Input: arr1 = [1,5,3,6,7], arr2 = [1,6,3,3]
Output: -1
Explanation: You can't make arr1 strictly increasing.

 

Constraints:

• 1 <= arr1.length, arr2.length <= 2000
• 0 <= arr1[i], arr2[i] <= 10^9

 

Related Topics:
Dynamic Programming

Solution 1. DP Top-down

// OJ: https://leetcode.com/problems/make-array-strictly-increasing/
// Author: github.com/lzl124631x
// Time: O(MN * logN)
// Space: O(MN)
// Ref: https://leetcode.com/problems/make-array-strictly-increasing/discuss/379095/C%2B%2B-DFS-%2B-Memo
class Solution {
    int dp[2001][2001] = {};
    int dfs(vector<int>& A, vector<int>& B, int i, int prev) {
        if (i >= A.size()) return 1;
        int j = upper_bound(B.begin(), B.end(), prev) - B.begin();
        if (dp[i][j]) return dp[i][j];
        int skip = prev < A[i] ? dfs(A, B, i + 1, A[i]) : B.size() + 1;
        int swap = j < B.size() ? 1 + dfs(A, B, i + 1, B[j]) : B.size() + 1;
        return dp[i][j] = min(skip, swap);
    }
public:
    int makeArrayIncreasing(vector<int>& A, vector<int>& B) {
        sort(B.begin(), B.end());
        auto ans = dfs(A, B, 0, INT_MIN);
        return ans > B.size() ? -1 : ans - 1;
    }
};

Or pass the previous j value into dfs so that j only traverse B in one pass.
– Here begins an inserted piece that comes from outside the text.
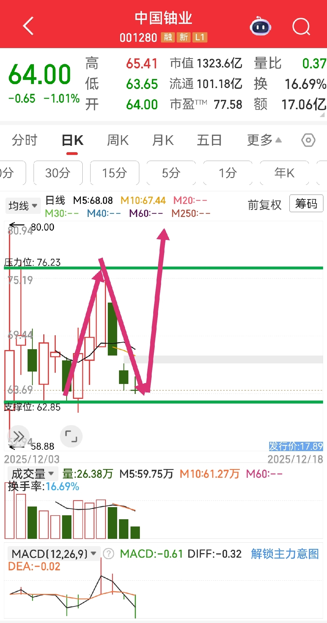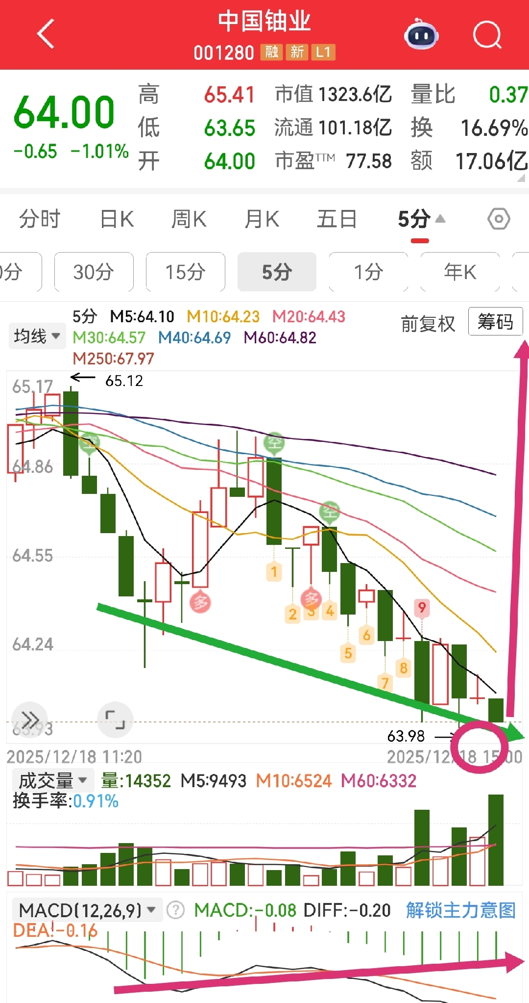 $中国铀业(SZ001280)$ 股价运行在智能撑压线之间,冲击压力位76.23元遇阻回落,回抽到智能撑压线的支撑位附近寻求支撑!持续下跌引发5分钟k线图,股价和macd出现下跌背离,后市对应会有5分钟级别的反弹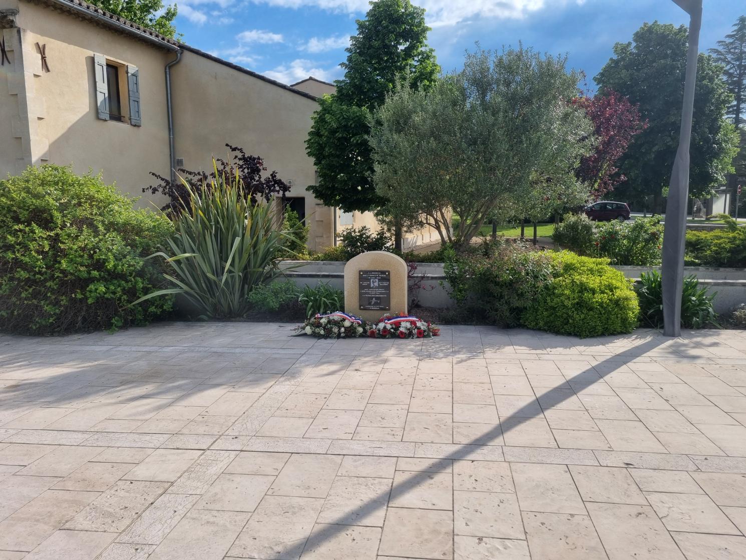 An upright stone slab monument bearing a rectangular black plaque in the center commemorating 2Lt Donald E. Burns, who died in the area on August 19, 1944. The plaque, inscribed in French and bearing his photograph, was inaugurated on May 8, 2025.

// OJ: https://leetcode.com/problems/make-array-strictly-increasing/
// Author: github.com/lzl124631x
// Time: O(MN)
// Space: O(MN)
// Ref: https://leetcode.com/problems/make-array-strictly-increasing/discuss/379095/C%2B%2B-DFS-%2B-Memo
class Solution {
    int dp[2001][2001] = {};
    int dfs(vector<int>& A, vector<int>& B, int i, int j, int prev) {
        if (i >= A.size()) return 1;
        j = upper_bound(B.begin() + j, B.end(), prev) - B.begin();
        if (dp[i][j]) return dp[i][j];
        int skip = prev < A[i] ? dfs(A, B, i + 1, j, A[i]) : B.size() + 1;
        int swap = j < B.size() ? 1 + dfs(A, B, i + 1, j, B[j]) : B.size() + 1;
        return dp[i][j] = min(skip, swap);
    }
public:
    int makeArrayIncreasing(vector<int>& A, vector<int>& B) {
        sort(B.begin(), B.end());
        auto ans = dfs(A, B, 0, 0, INT_MIN);
        return ans > B.size() ? -1 : ans - 1;
    }
};

Solution 2. DP

// OJ: https://leetcode.com/problems/make-array-strictly-increasing/
// Author: github.com/lzl124631x
// Time: O(MN * logN)
// Space: O(MN)
// Ref: https://leetcode.com/problems/make-array-strictly-increasing/discuss/377403/Python-DP-solution-with-explanation.
class Solution {
public:
    int makeArrayIncreasing(vector<int>& A, vector<int>& B) {
        int M = A.size(), N = B.size();
        sort(B.begin(), B.end());
        unordered_map<int, int> dp;
        dp[-1] = 0;
        for (int a : A) {
            unordered_map<int, int> tmp;
            for (auto &p : dp) {
                if (a > p.first) {
                    int cnt = tmp.count(a) ? tmp[a] : INT_MAX;
                    tmp[a] = min(cnt, p.second);
                }
                int b = upper_bound(B.begin(), B.end(), p.first) - B.begin();
                if (b < N) {
                    int cnt = tmp.count(B[b]) ? tmp[B[b]] : INT_MAX;
                    tmp[B[b]] = min(cnt, p.second + 1);
                }
            }
            dp = tmp;
        }
        if (dp.empty()) return -1;
        int ans = INT_MAX;
        for (auto &p : dp) ans = min(ans, p.second);
        return ans;
    }
};